Generalist or Specialist

Well, I have reached a point in my career (and my life) where I need to have a re-think. I have been working as a data architect covering various asset classes in the financial industries (read: a generalist), gaining respect and reconigition from senior managements and colleagues alike, something that I have found extremely enjoyable and rewarding. 

The irony is, being a generalist, I am supposed to be able to maintain the the big picture, to be able to do pattern matching, to abstract similarities between different business areas, however I feel that in reality, it is not the case. While I can be recognized to be very good, I want to be excellent, I want to be extraordinary. Something is missing. Generalists do not drive innovation and long-term results, specialists do. As an individual looking for career longetivity and personal satisfaction, I am terrified of the prospect of being complacent with being a ‘talented generalist’, knowing a bit of a lot of things, and experts at nothing. The grass is always greener on the other side, they say. Perhaps it’s true, but I am giving it a go.

So! I have decided to hang up my generalist uniform for now, and take a plunge to move to the risk management area within one of the largest banks in the world. I have set myself a 2 year goal, contribute, bring fresh perspective and imagination to the area, while setting a personal target to be a specialist in Risk technologies. With everything that is going with the current economic climate, I can’t think of a more exciting place to be than the area of Financial Risk Management.

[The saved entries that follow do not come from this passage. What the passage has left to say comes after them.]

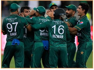 154 റണ്സ് വിജയലക്ഷ്യവുമായി മറുപടി ബാറ്റിങ്ങിനിറങ്ങിയ പാകിസ്താന് വേണ്ടി ഓപ്പണര്മാരായ ബാബര് അസമും മുഹമ്മദ് റിസ്വാനും സ്വപ്നതുല്യമായ തുടക്കമാണ് കാഴ്ചവെച്ചത്. ആദ്യ ഓവര് തൊട്ട് ആക്രമിച്ച് കളിച്ച ഇരുവരും 5.4 ഓവറില് ടീം സ്കോര് 50 കടത്തി. റിസ്വാനായിരുന്നു കൂടുതല് അപകടകാരി. 11ാം ഓവറില് ബാബര് അസം അര്ധസെഞ്ചുറി നേടി. 38 പന്തുകളില് നിന്നാണ് പാക് നായകന് അര്ധശതകം നേടിയത്. ടൂര്ണമെന്റിലെ ബാബറിന്റെ ആദ്യ അര്ധസെഞ്ചുറി കൂടിയാണിത്. അതുവരെയുള്ള എല്ലാ മത്സരങ്ങളില് നിന്നുമായി ബാബര് വെറും 39 റണ്സ് മാത്രമായിരുന്നു നേടിയിരുന്നത്. 11.4 ഓവറില് റിസ്വാനും ബാബറും സെഞ്ചുറി കൂട്ടുകെട്ട് പടുത്തുയര്ത്തി. വെറും 73 പന്തുകളില് നിന്നാണ് ഇരുവരും 100 റണ്സ് അടിച്ചെടുത്തത്.
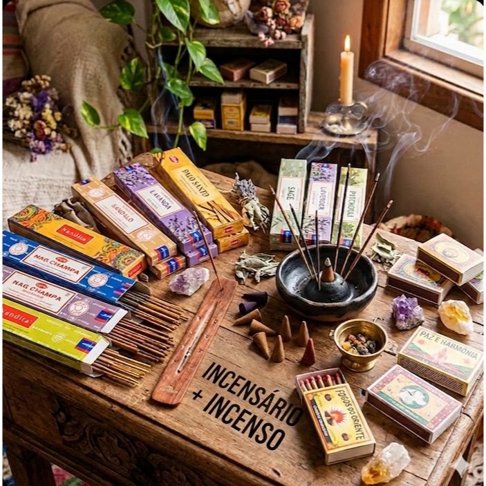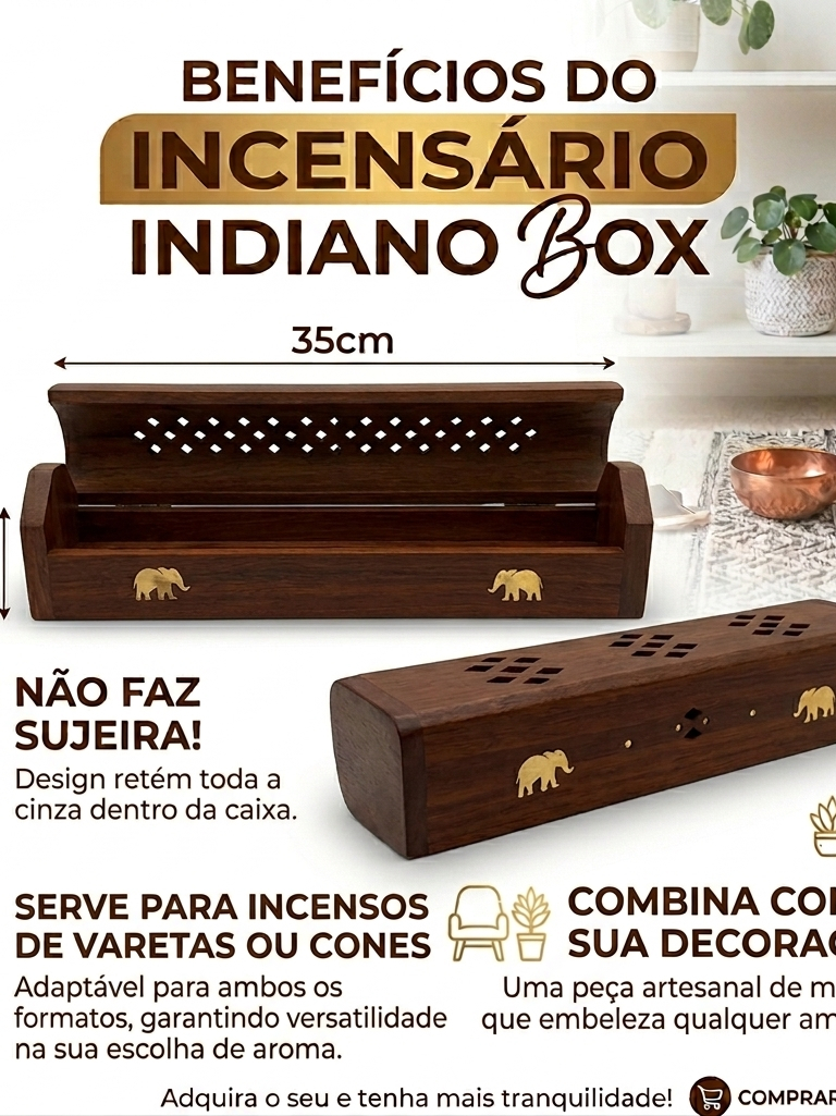 BOX INDIANO MAD RÚSTICA + 1 CAIXA DE INCENSOS 7 VARETAS OU 1 INCENSÁRIO +1 CX INCENSO ALEATORIA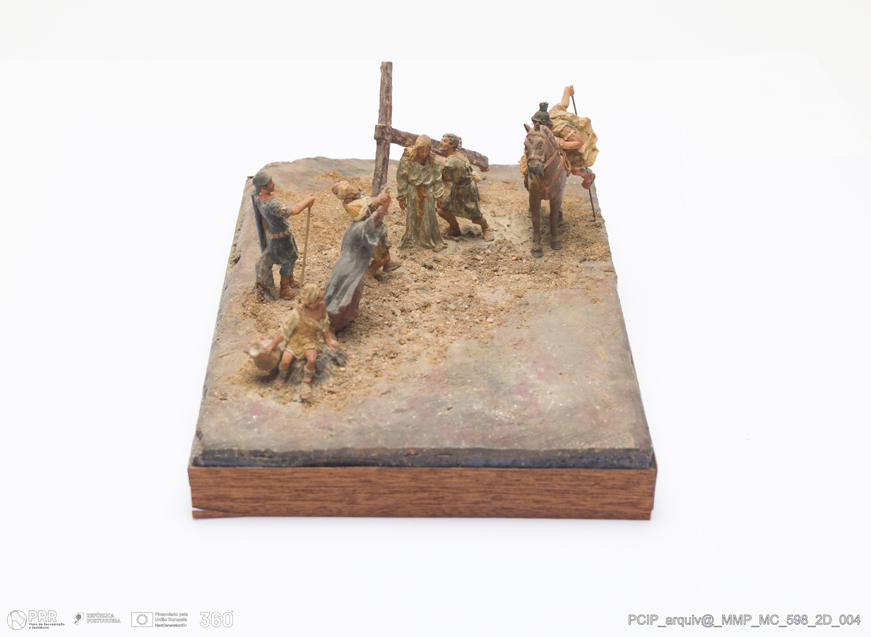 Matéria/Técnica: Barro branco modelado, sobre base de madeira. Pintura a frio polícroma:; Cronologia: 1911; Autoria: Francisco Elias / Caldas da Rainha, Portugal; Dimensões (cm): Altura: 10; Comprimento: 25.

In order to become a specialist in Risk-IT, I would need the gain the general knowledge and understanding of risk management  So will that make me a specialist in one hand, and a generalist in others? Doesn’t that beat the purpose of my career change anyway? Am I a generalist becoming a specialist, or a specialist becoming a generalist? I don’t know, and I don’t care. One thing is for sure, I can’t wait to start.

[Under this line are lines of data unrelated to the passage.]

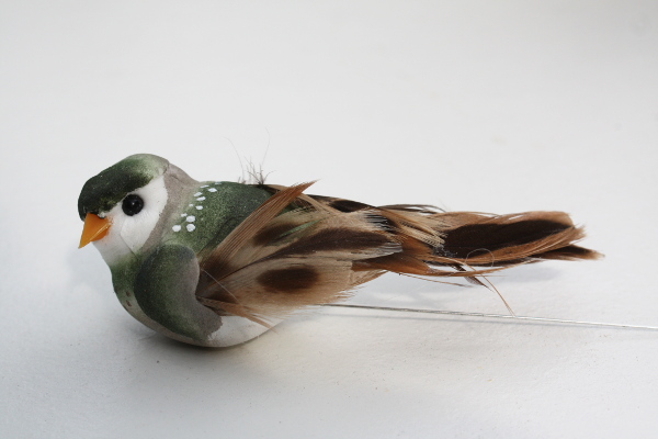 Veren vogel van ongeveer 4 cm hoog en 10 cm lang.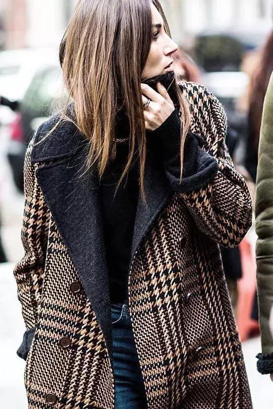 格紋大衣的風格非常明顯, 濃濃的學院英倫復古風,復古的格紋大衣內搭簡單的搭配高領衫就可以足夠簡約高級了。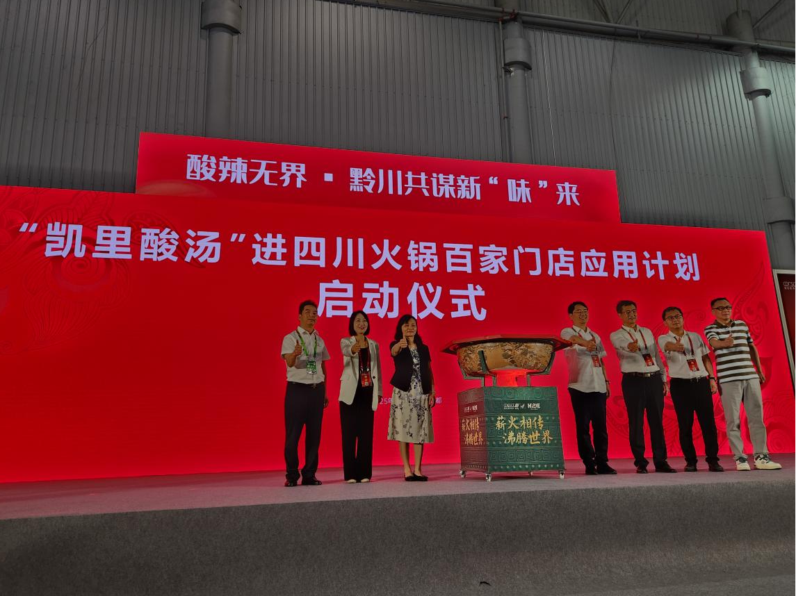 “凯里酸汤进四川火锅”计划成为博览会最大亮点。推进风味革命,贵州酸汤的“酸辣微甜”与四川麻辣碰撞,开发出“酸汤麻辣双拼锅”“酸汤九宫格”等新品,覆盖100+品牌门店;推进供应链协同,建立“川黔酸汤产业联盟”,通过SC认证企业直供、联名厨研发标准化配方,实现风味统一与成本优化;推进消费场景创新,复刻凯里长桌宴,结合苗族歌舞表演,打造“一店一IP”的差异化体验。

Thursday, April 16th, 2009 at 21:11
  • Nigel
    Apr 16th, 2009 at 21:28 | #1

    I have so many questions and comments about this interesting blog that I don’t know where to start.

    So I will just post one.

    Innovation requires collaboration between previously disconnected areas of expertise. Either across the business ( silo breakdown ) or outside it. There is simply no other way to innovate.

    This requires the kind of thought provoking juxtaposition of specialists that normally only a generalist can orchestrate.

    SO although I accept that expert level ideas need experts - you cant innovate if you just hide in your expert shell.